One critical aspect of server security, especially when running PHP, is the careful management of functions that can pose serious risks if misused. PHP, being a powerful server-side scripting language, offers a plethora of functions that, if not handled with caution, can expose vulnerabilities and potentially compromise the entire web server. Disabling dangerous PHP functions is a crucial step in fortifying the server against various security threats. Here are several reasons why taking this precautionary measure is essential:

Why to Disable PHP Functions

1. Preventing Code Injection Attacks:

Certain PHP functions, such as eval(), system(), and exec(), allow the execution of arbitrary code on the server. Hackers often exploit these functions to inject malicious code into the server, leading to unauthorized access and data breaches.

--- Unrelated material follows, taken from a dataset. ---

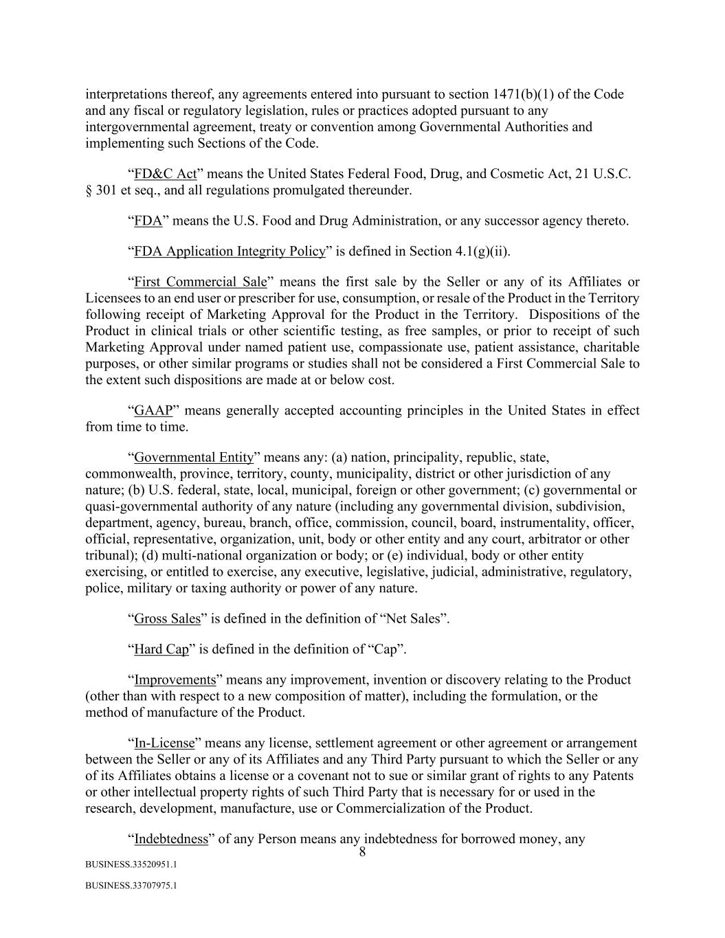 8 BUSINESS.33520951.1 BUSINESS.33707975.1 interpretations thereof, any agreements entered into pursuant to section 1471(b)(1) of the Code and any fiscal or regulatory legislation, rules or practices adopted pursuant to any intergovernmental agreement, treaty or convention among Governmental Authorities and implementing such Sections of the Code. “FD&C Act” means the United States Federal Food, Drug, and Cosmetic Act, 21 U.S.C. § 301 et seq., and all regulations promulgated thereunder. “FDA” means the U.S. Food and Drug Administration, or any successor agency thereto. “FDA Application Integrity Policy” is defined in Section 4.1(g)(ii). “First Commercial Sale” means the first sale by the Seller or any of its Affiliates or Licensees to an end user or prescriber for use, consumption, or resale of the Product in the Territory following receipt of Marketing Approval for the Product in the Territory. Dispositions of the Product in clinical trials or other scientific testing, as free samples, or prior to receipt of such Marketing Approval under named patient use, compassionate use, patient assistance, charitable purposes, or other similar programs or studies shall not be considered a First Commercial Sale to the extent such dispositions are made at or below cost. “GAAP” means generally accepted accounting principles in the United States in effect from time to time. “Governmental Entity” means any: (a) nation, principality, republic, state, commonwealth, province, territory, county, municipality, district or other jurisdiction of any nature; (b) U.S. federal, state, local, municipal, foreign or other government; (c) governmental or quasi-governmental authority of any nature (including any governmental division, subdivision, department, agency, bureau, branch, office, commission, council, board, instrumentality, officer, official, representative, organization, unit, body or other entity and any court, arbitrator or other tribunal); (d) multi-national organization or body; or (e) individual, body or other entity exercising, or entitled to exercise, any executive, legislative, judicial, administrative, regulatory, police, military or taxing authority or power of any nature. “Gross Sales” is defined in the definition of “Net Sales”. “Hard Cap” is defined in the definition of “Cap”. “Improvements” means any improvement, invention or discovery relating to the Product (other than with respect to a new composition of matter), including the formulation, or the method of manufacture of the Product. “In-License” means any license, settlement agreement or other agreement or arrangement between the Seller or any of its Affiliates and any Third Party pursuant to which the Seller or any of its Affiliates obtains a license or a covenant not to sue or similar grant of rights to any Patents or other intellectual property rights of such Third Party that is necessary for or used in the research, development, manufacture, use or Commercialization of the Product. “Indebtedness” of any Person means any indebtedness for borrowed money, any

Disabling these functions is a preventive measure against code injection attacks, reducing the attack surface and enhancing overall server security.

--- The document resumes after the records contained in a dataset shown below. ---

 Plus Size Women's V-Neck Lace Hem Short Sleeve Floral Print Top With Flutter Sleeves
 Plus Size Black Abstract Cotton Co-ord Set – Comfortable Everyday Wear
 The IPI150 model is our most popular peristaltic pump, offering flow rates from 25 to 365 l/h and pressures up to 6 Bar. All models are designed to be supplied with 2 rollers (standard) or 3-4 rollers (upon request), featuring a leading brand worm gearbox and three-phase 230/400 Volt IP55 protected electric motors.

2. Mitigating File System Manipulation:

Functions like unlink(), rename(), and rmdir() enable file system manipulation. Disabling these functions helps prevent unauthorized deletion, renaming, or modification of files on the server. Attackers commonly leverage file system manipulation to disrupt services, delete critical files, or gain unauthorized access to sensitive information.

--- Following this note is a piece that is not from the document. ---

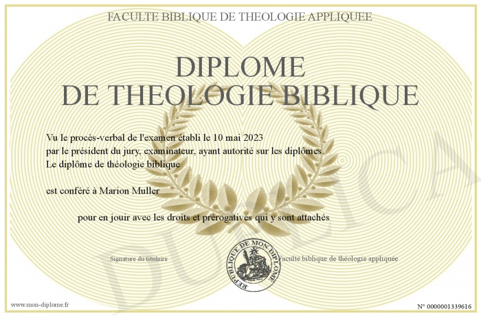 Envoyez par email votre Diplôme de théologie biblique personalisé

3. Enhancing Database Security:

Certain PHP functions, such as exec(), system(), and shell_exec(), can be exploited to execute arbitrary commands, including those that interact with databases. Disabling these functions mitigates the risk of SQL injection attacks, a prevalent method used by attackers to manipulate databases and gain unauthorized access to sensitive data.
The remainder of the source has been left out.